(Ottawa) Le ministre fédéral de la Sécurité publique, Ralph Goodale, a déclaré mardi que les Canadiens ne sauront vraisemblablement pas avant le scrutin d’octobre si Huawei pourra participer au réseau sans fil 5G de prochaine génération.

Le Canada a besoin de plus d’informations des États-Unis sur la nature exacte de la menace potentielle à la sécurité que poserait le géant chinois de la technologie, a indiqué M. Goodale à La Presse canadienne, mardi. Or, compte tenu du temps qui reste avant le déclenchement de la campagne, au début du mois de septembre, le ministre a soutenu qu’il était peu probable que cette décision soit prise d’ici là.

M. Goodale était à Londres mardi pour une importante rencontre de l’alliance « Five Eyes », qui réunit le Canada, les États-Unis, le Royaume-Uni, l’Australie et la Nouvelle-Zélande pour le partage de renseignement.

La réunion a commencé par des divisions sur l’opportunité de laisser Huawei fournir de l’équipement pour le système 5G. Les États-Unis et l’Australie ont interdit tout recours à Huawei, considérée comme un organe du renseignement militaire chinois — une accusation réfutée par l'entreprise chinoise.

De son côté, M. Goodale a rappelé que le Canada poursuivrait son analyse rigoureuse afin de choisir l’entreprise la mieux adaptée pour fournir les équipements de la nouvelle technologie 5G au pays. Le ministre a déclaré en entrevue téléphonique que ses homologues américain et australien l’avaient questionné sur le choix éventuel d’Ottawa, en soulignant que des élections se profilaient à l’horizon.

La décision finale du gouvernement fédéral est aussi liée à un conflit politique plus large avec la Chine : la République populaire a emprisonné deux Canadiens à la suite de l’arrestation à Vancouver de Meng Wanzhou, cadre supérieure de Huawei, en vertu d’un mandat d’extradition américain.

Clarifier la menace

Le chef conservateur, Andrew Scheer, a réitéré mardi son point de vue selon lequel Huawei devrait être exclue du nouveau réseau 5G au Canada. Mais il a ajouté que si les libéraux pensaient le contraire, ils devraient prendre leur décision maintenant et être prêts à la défendre pendant la campagne électorale. « S’ils pensent que c’est une bonne chose d’avoir la participation de Huawei dans un élément de notre télécommunication très, très sensible, pourquoi ne pas faire l’annonce aujourd’hui et la défendre pendant la campagne électorale ? », a-t-il dit en point de presse à Ottawa.

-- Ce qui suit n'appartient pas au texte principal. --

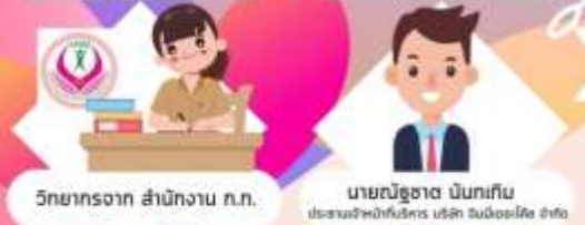
วิทยากรจาก สำนักงาน ก.น.
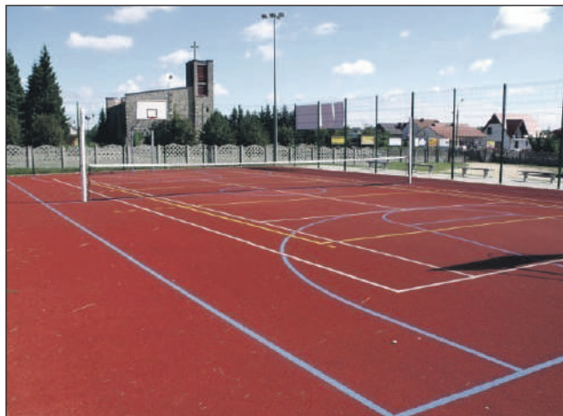
Orlik w Orońsku

Lokalny obiekt sportowy zyska nowy blask dzięki dotacjom z dwóch źródeł. Gmina Orońsko sfinalizowała formalności związane z pozyskaniem funduszy zewnętrznych na ten cel. Łączna kwota wsparcia wynosi 218 560 zł.
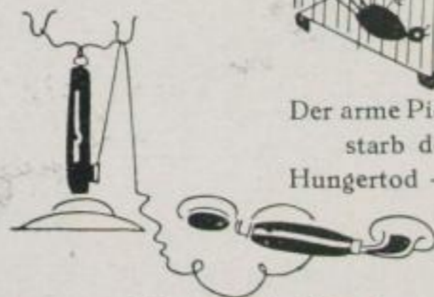
Der arme Piepmatz starb den Hungertod -- --
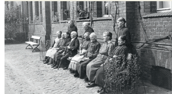
Bewohner im Hof des Klosters St. Augustini, Neustädter Straße 2, 1930
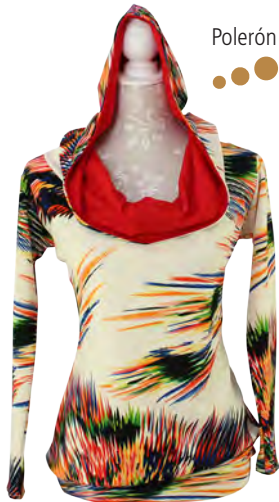
Polerón con capucha.
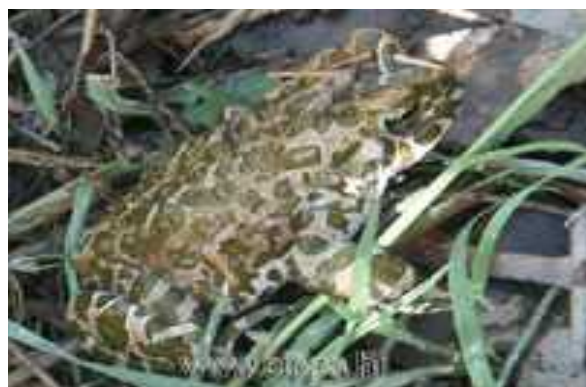
Sl. 15. Veoma ugrožen vodozemac Podravine: zelena gubavica ( Bufo viridis L. )
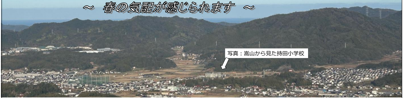
写真：高山から見た持田小学校
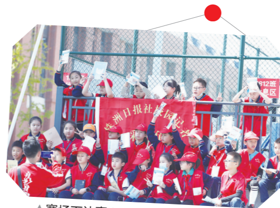
赛场下认真观看比赛的校园记者。

同时,在校运动会的前一天10月13日,是属于全国少先队员共同的节日——中国少年先锋队建队纪念日。你还记得队旗、队徽、队礼的含义吗?今天,让我们一起聆听新队员的入队心声!
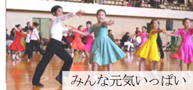
みんな元気いっぱい
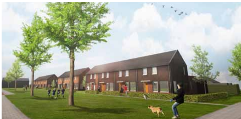
Impressie van de nieuwbouw in Nieuw-Buinen
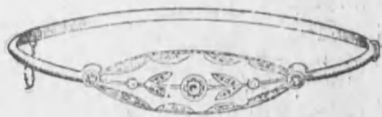
Núm. 3.159.—Tres brillantes y diamantes rosas. 360 Ptas.

JOYERIA, PLATERIA Y RELOJERIA J. HERNANDEZ Y G. A ADROVER (S. en C.) SUCESORES DE REDONDO Carretas, 39 — MADRID — ALHAJAS DE TODAS CLASES A PRECIOS MUY ECONÓMICOS
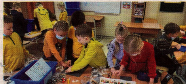
■ Mokymas: motyvaciją stiprina inovatyvių priemonių naudojimas.

„Džiaugiamės Kauno Simono Daukanto progimnazijoje iš-
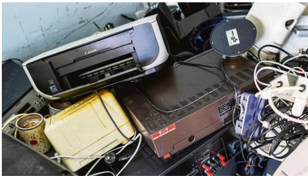
Die Rücknahmepflicht des Handels für alte Elektrogeräte ist im vergangenen Jahr ausgeweitet worden.

Tatsächlich seien die Ergebnisse beim Recycling von Elektroschrott für Deutschland aber beschämend, so der Fachverband. Die Sammel- und Recyclingquote der EU für Elektroschrott wurde seit 2018 verfehlt, so das Umweltbundesamt: Viel zu wenig Altgeräte gelangen in die Wiederverwertung. Statt der geforderten 65 Prozent waren es zuletzt nur 44 Prozent. Die Deutschen wissen also, was beim Recycling sozial erwünscht ist, verhalten sich aber in der Realität falsch. Zahlen des Naturschutzbundes Deutschlands (NABU) zeigen, wo der E-Schrott stattdessen entsorgt wird: Über 140.000 Tonnen kleinerer Elektrogeräte landen jährlich fälschlicherweise im Rest-
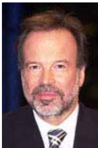
Prof. Norbert Walter Chefökonom Deutsche Bank
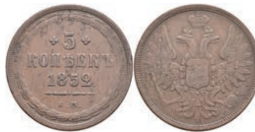
1004 5 Kopeken 1852, Ekaterinburg. Nikolaus I. 1826-1855. Bitkin 581, ss. 20,—
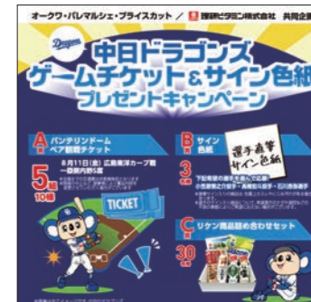
(実例) 理研ビタミン(株)
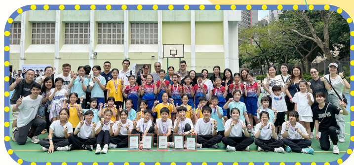
Jumper contest 2025
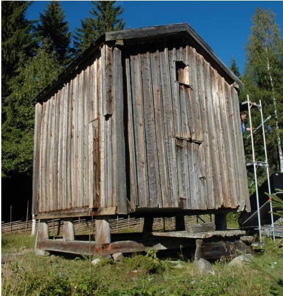
Figur 9. Härbret från sydväst innan reoveringen hade inletts. Längs den västra fasaden har uppförandet av byggnadsställningar påbörjats.
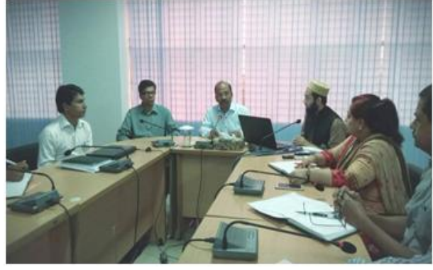
২৬ জুলাই ২০১৮ তারিখ আরকাইভস ও গ্রন্থাগার অধিদপ্তরের কর্মকর্তা ও কর্মচারীদের ই-ফাইল বিষয়ক আভ্যন্তরীণ প্রশিক্ষণ।
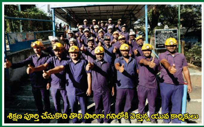
శిక్షణ పూర్తి చేసుకొని తొలి సారిగా గనిలోకి వెళ్తున్న యువ కార్మికులు
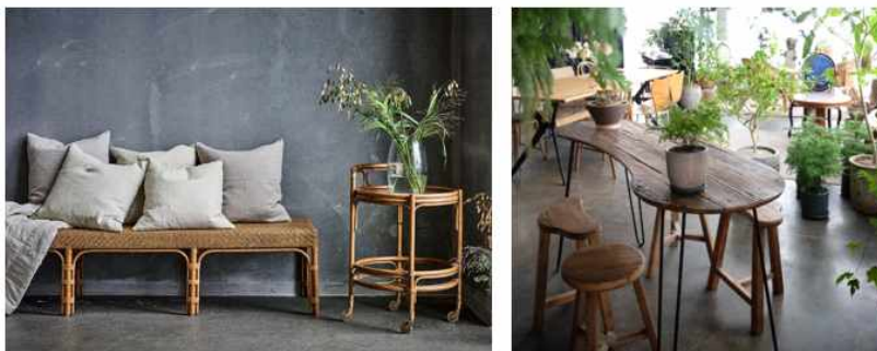
<그림 2-28 자연친화적 가구>

실내공간에서 가구는 인간과 건축물을 연결하는 요소의 하나로서 안락하고 능률적으로 행하게 하는 인간 생활행위의 수단으로 사용한다. 또한 가구는 수납의 기능을 가지며 실내 장식적 요소로도 작용하여 공간 연출에 있어서 미적 효과를 증대시켜준다. 실내 공간에 어떠한 종류의 가구를 연출하느냐에 따라 공간의 성격이 규정된다. 48)
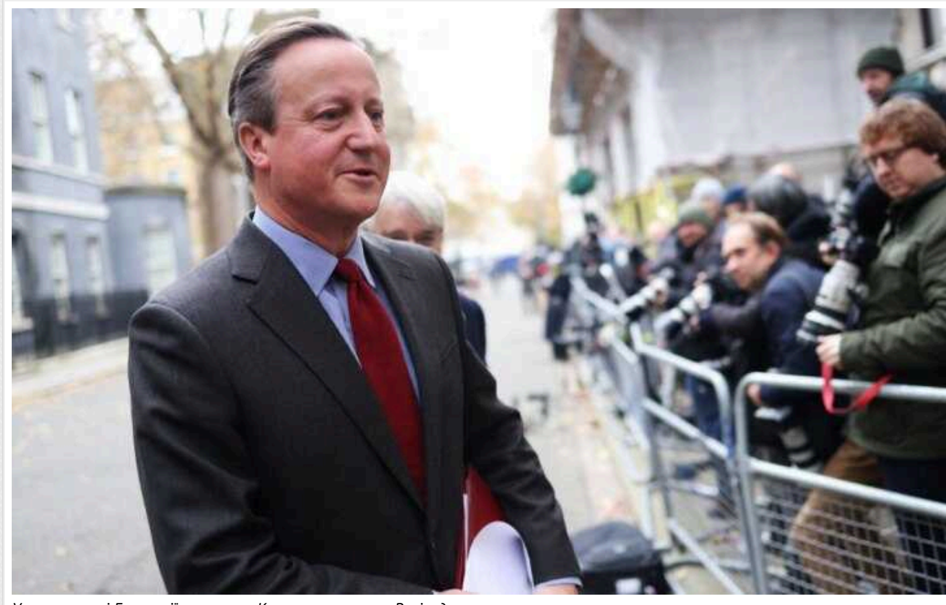
У парламенті Британії закликали Кемерона визнати Росію державою-спонсоркою тероризму

Група з 13 депутатів парламенту Великої Британії та п'яти перів заклікала міністра закордонних справ Девіда Кемерона визнати РФ державою – спонсоркою тероризму. На їхню думку, це, зокрема, відкриє шлях до конфіскації заморожених Лондоном російських активів.
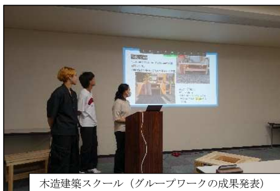
木造建築スクール（グループワークの成果発表）
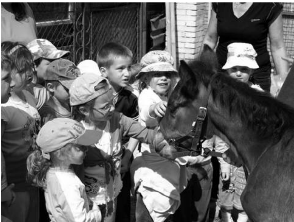
Děti v Macíku prožily nezapomenutelné chvíle.

Žádáme přispěvatele, aby své texty vždy podepisovali celým jménem. Redakce
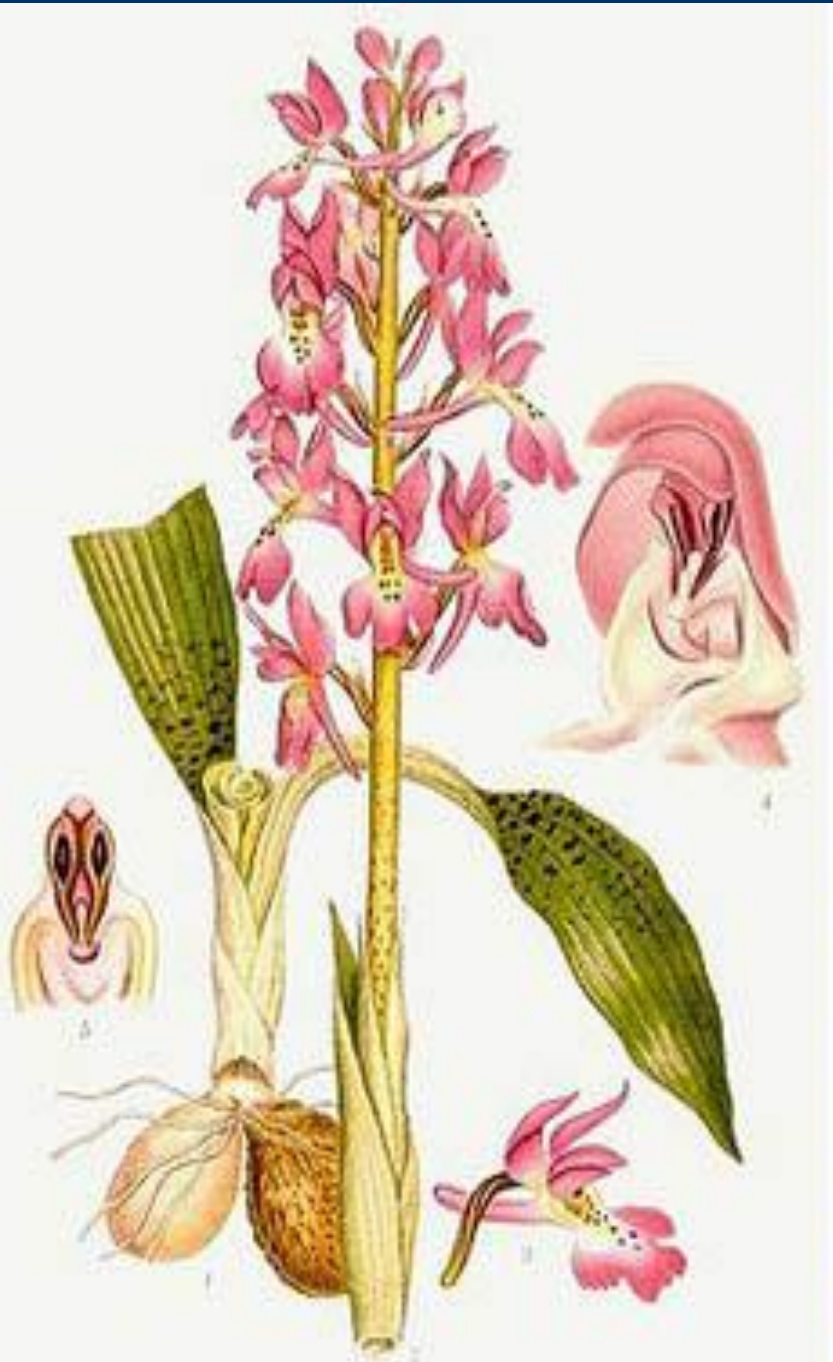
SANKT PERS NYCKLAR, ORCHIS MASCULUS L.
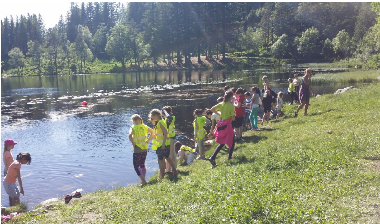
Felles BARK sommeravslutning på Fløyen
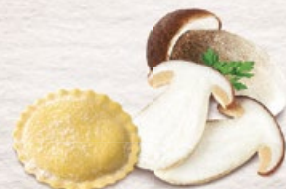
Medaglioni aux Bolets
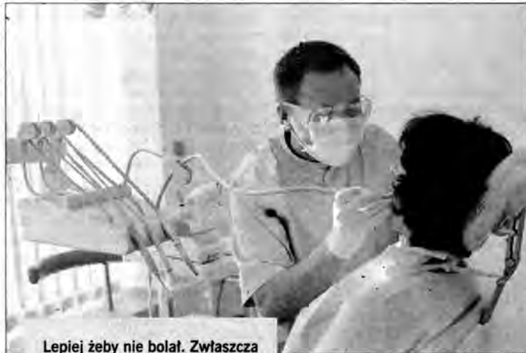
Lepiej żeby nie bolał. Zwłaszcza w niedzielę w Przemyśle.

- Kiedyś gabinet stomatologiczny w przemyskim pogotowiu był. Ludzie zgłaszali się do nas w ostateczności, więc dentysta, pełniący dyżury, zajmował się głównie usuwaniem zębów.
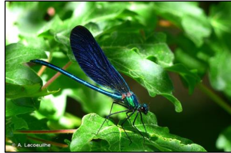
Figure 1 : Libellule Calopteryx virgo

Les participants ont pu observer la grande hauteur du barrage de la Selve, ainsi que son état vétuste. Alexandre Saussac a commenté la zone sans eau de surface en amont du barrage : l'eau s'infiltre dans les sédiments et s'écoule en pied de barrage, celui-ci étant endommagé. Le contraste avec la zone aval est saisissant. Avec l'eau de surface, la vie réapparaît. Ainsi les participants ont pu observer des libellules ( Calopteryx virgo par exemple), des Ecrevisses à pattes blanches, des jeunes truites... Guillaume Chevalier, animateur Natura 2000 du site « Vallée de l'Eyrieux et ses affluents » a expliqué comment reconnaître l'Ecrevisse à pattes blanche : forme triangulaire du rostre et présence d'une petite épine derrière chaque œil. La couleur de l'individu n'est pas un critère d'identification fiable étant donné qu'il dépend du milieu. Il a également évoqué son alimentation opportuniste constituée de végétaux et de petits invertébrés. Cette espèce est présente sur le Mézayon mais a subi un fort déclin il y a plusieurs années.
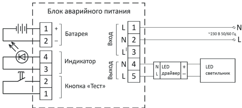
Рисунок 3 – Схема подключения БАП для работы в режиме непостоянного включения

5.2. Режим непостоянного включения: на рисунке 3 изображена схема подключения БАП для работы в режиме непостоянного включения. В данном режиме к контактам выхода БАП подключается LED драйвер и LED светильник. В цепях питания коммутационные изделия (помимо защитных) не используются, дополнительный контакт питания L1 остается неподключенным. При входном напряжении питания \sim 230 \text{ В} \pm 10\% 50/60 \text{ Гц} LED происходит подзарядка аккумулятора, но светильник не работает. При понижении входного напряжения до 132 – 187 В БАП переходит в аварийный режим работы, и LED светильник начинает работать от аккумулятора. Время работы светильника в аварийном режим – не менее 1 часа.
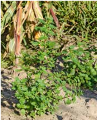
Pflanze mit Fruchtständen
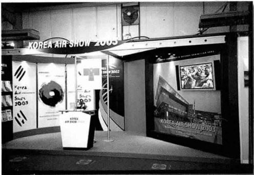
▲ 11월 4일부터 9일까지 부산에서 개최되는 코리아 에어쇼 홍보 부스

▼ 한국관 중 가장 넓게 전시장을 운영한 기아자동차는 현지 3개 방송사에서 출품소식이 방영되고 지역신문 1면 톱기사로 소개되었다.
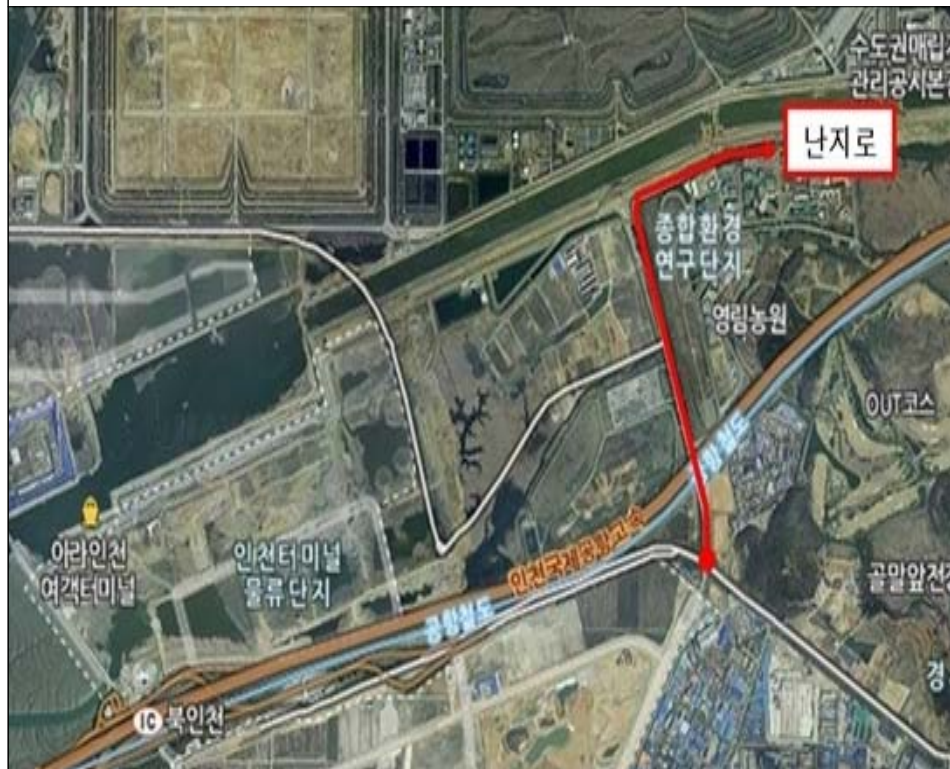
변 경 후
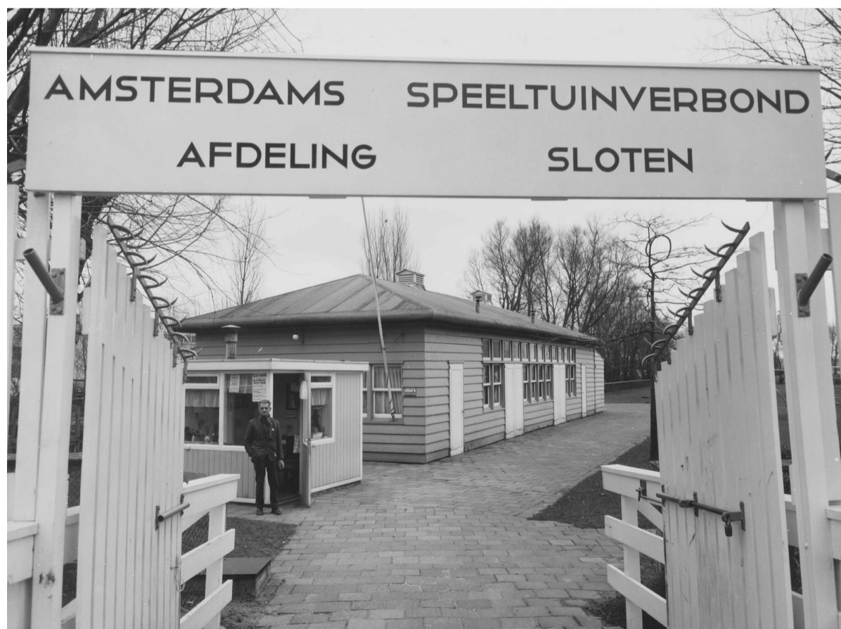
Het clubgebouw en beheerdershuisje met een duidelijk bord van het Amsterdams Speeltuin Verbond, Afdeling Sloten; 1969.
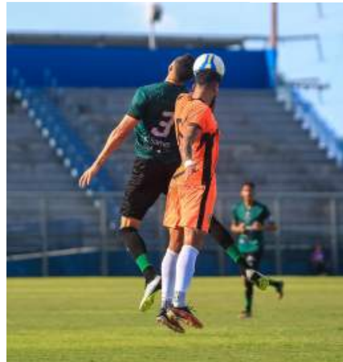
Esmeraldino enfrenta o Rio Branco-AC fora e Robô recebe o Trem-AP
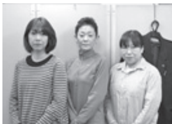
事務員のみなさん
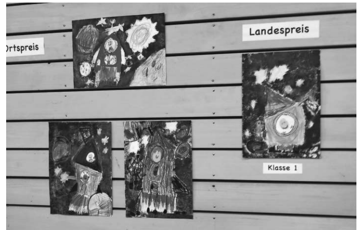
(2) Die preisgekrönten Kunstwerke der Schülerinnen und Schüler der Grundschule Alleshausen.
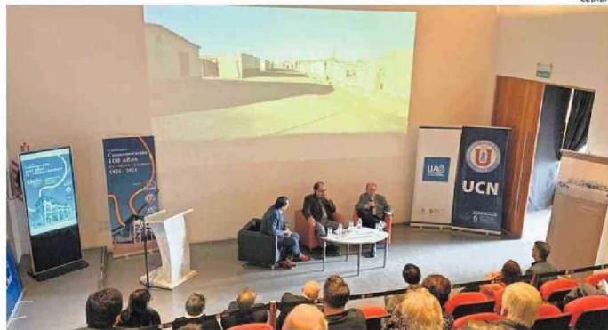
POR LA IMPORTANCIA QUE TIENE PARA LA REGIÓN Y EL PAÍS MANTENER EL LEGADO DE CHACABUCO.

En conversatorio organizado por la Corporación Museo del Salitre Chacabuco, la UCN y la UA, especialistas abordaron estado actual y proyección del monumento nacional.
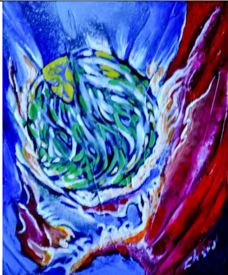
Petit cosmos n° 5 10 x 12 po – acrylique
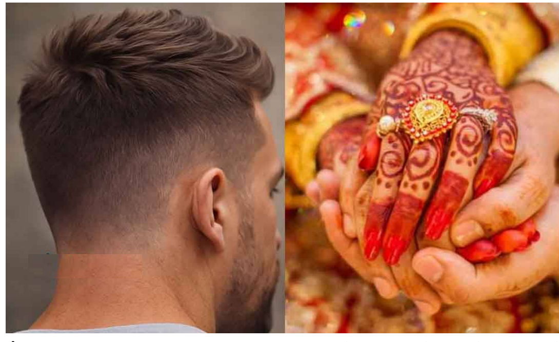
ట్రీట్ మెంట్ల చుట్టూ తిరగాల్సిన పరిస్థితి వస్తోంది.

లక్షల్లో జీతం, కోట్లలో ఆస్తి, విదేశాల్లో స్థిరపడటం... ఒకప్పుడు పెళ్లి సంబంధం కుదరాలంటే ఇవే మెయిన్ క్యాండ్లికేషన్స్. కానీ, ఇప్పుడు ట్రెండ్ రివర్స్ అయింది! 'రూపం కంటే గుణం ముఖ్యం' అనే సామెతను వక్రీకృతం చేశారు. 'కోట్ల జీతం కంటే, తలపై జుట్టే ముఖ్యమని యువత తగిన చెబుతోంది. పెళ్లిళ్లలో వైరల్ అవుతున్న ఈ ట్రెండ్, యువత మైండ్ సెట్ మార్పు గురించి మనము తెలుసుకుందాం.. జీతం కాదు... లుక్స్ మేటర్: ఈ రోజుల్లో పెళ్లి సంబంధాల మార్కెట్ పూర్తిగా మారిపోయింది. అబ్బాయికి ఎంత పెద్ద ఉద్యోగం ఉన్నా, బ్యాంక్ బ్యాలెన్స్ కోట్లలో ఉన్నా సరే... చూడటానికి స్ట్రాగ్గా లేకపోతే అమ్మాయిలు రిజెక్ట్ చేస్తున్నారు. ముఖ్యంగా బట్టలను ఉన్న అబ్బాయిలను పెళ్లి చేసుకోవడానికి చాలా మంది ఆసక్తి చూపించడం లేదని మ్యాచ్ మేకర్లు చెబుతున్నారు. యువతకు పెళ్లంటే ఒక యుద్ధం: ఒకప్పుడు చదువు, ఉద్యోగం వస్తే పెళ్లి అయిపోతుందనే ధీమా ఉండేది. కానీ ఇప్పుడు పెళ్లి చేసుకోవడం ఒక పెద్ద యుద్ధంలా మారింది. ఇక సరైన సంబంధం దొరకడానికి ఏళ్లు పడుతోంది. "పెళ్లి అవుతుందా? లేదా?" అనే టెన్షన్, ఆలోచనలతోనే యువతకు సగం వయసు అయిపోతోందని కొన్ని సర్వేలు చెబుతున్నాయి. అబ్బాయిల్లో పెరిగిన అభిప్రాయభావం: జీవితంలో ఎంతో కష్టపడి, మంచి పొజిషన్ కు రీచ్ అయినా... కేవలం లుక్స్ బాలిష్ చేసే కారణంతో రిజెక్ట్ అవుతుంటే దురదృష్టవశాత్తూ అబ్బాయిల్లో అభిప్రాయభావం పెరిగిపోతోంది. ఇక కెరీర్ పక్కన పెట్టి మరి హెయిర్ స్టైలింగ్, బ్యూటీ

M. Goodale a soutenu que le Canada, à l’instar du Royaume-Uni, cherchait « à clarifier » la nature spécifique de la menace à la sécurité invoquée par Washington. Il a ainsi laissé entendre que les préoccupations américaines pourraient en fait être davantage liées à la guerre commerciale que se livrent les États-Unis et la Chine.

« De hauts responsables américains ont fait remarquer à l’occasion que cela pourrait être résolu dans le contexte des négociations commerciales », a déclaré M. Goodale. « Donc, ma demande aux États-Unis, encore une fois, c’est de connaître clairement leur position. » En attendant, « nous avons conclu qu’il serait erroné de prendre des décisions spécifiques concernant Huawei », a dit le ministre.

Les membres de l’alliance « Five Eyes » ont également réaffirmé mardi leur volonté de protéger les enfants des prédateurs sexuels en ligne, en accordant plus d’attention que jamais à ce dossier, a déclaré M. Goodale.

La réunion était présidée par la nouvelle ministre britannique de l’Intérieur, Priti Patel, qui a été nommée à ce poste la semaine dernière, lorsque Boris Johnson est devenu premier ministre du Royaume-Uni.